Life with Boys
By Emily Ashby,
Common Sense Media Reviewer
Common Sense Media Reviewers
Funny family sitcom with positive themes for tweens.
A Lot or a Little?
What you will—and won't—find in this TV show.
The show is intended to entertain rather than to educate, but there are some positive messages about family, friendship, and self-esteem.

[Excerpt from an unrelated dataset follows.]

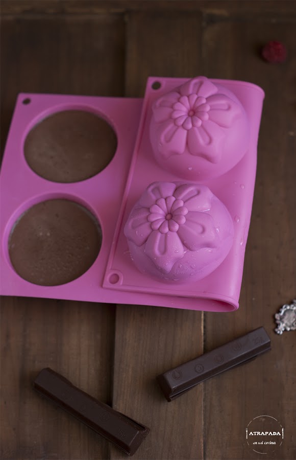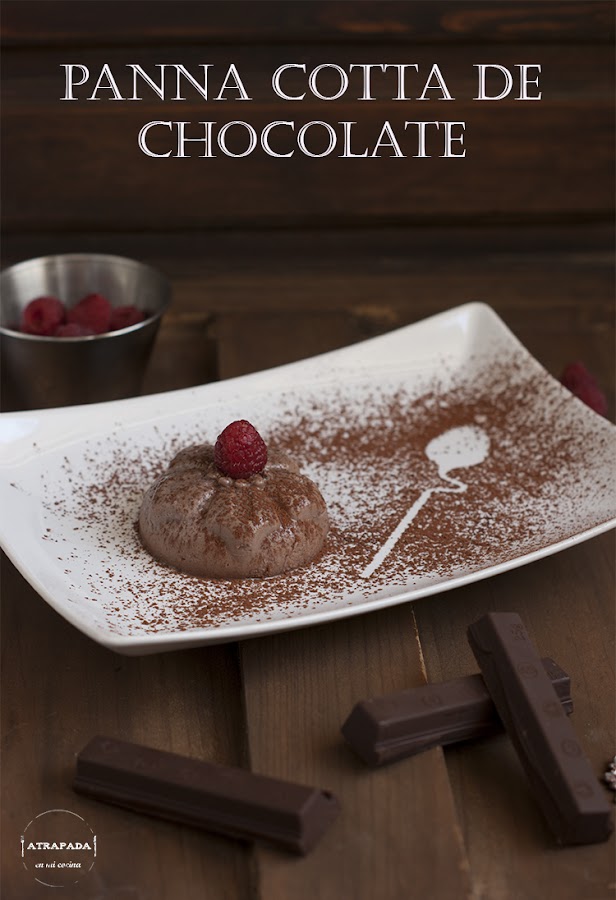 Sacamos las hojas de gelatina del bol, que ya estarán blanditas, y las estrujamos con las manos para quitar todo el agua posible. Añadimos la gelatina al cazo y removemos hasta disolver. Vertemos la mezcla en los moldes que hayamos elegido. Esperaremos a que enfríe a temperatura ambiente y lo meteremos en la nevera en cuanto sea posible para que enfríe por completo. Ésto nos llevará unas horas. A la hora de desmoldar lo haremos pasando el mango de una cucharilla con delicadeza por los extremos del molde, hasta que veamos que se despega con facilidad, ponemos al revés el molde y desmoldamos (también podemos introducir en el congelador una media hora antes de servir, para desmoldar con más facilidad). Servimos acompañado de unas frambuesas frescas y espolvoreamos un poco de cacao en polvo.

Each episode sees Tess coping with some malady of teen life, such as dating or dealing with being bullied by a peer. Her actions often wind up hurting other people, but she always learns a lesson and remedies the problem. A mean girl uses her popularity to manipulate her classmates, usually with more humor and less fallout than surround Tess' misjudgments. The show presents a well-adjusted single-parent home with a lot of sibling rivalry, but also a lot of love. Some mild bathroom humor like body odors.
Positive Role Models
Tess isn't afraid to go against the flow, as is evident in her place on the school's predominantly male wrestling team and her battles of will with her social nemesis. She values meaningful relationships and respects her family, despite not always agreeing with them. Other characters are slightly less admirable, including an image-obsessed best friend and a coercive teen who uses popularity as a bargaining chip with peers.
Sex, Romance & Nudity
Teen relationships have minimal kissing.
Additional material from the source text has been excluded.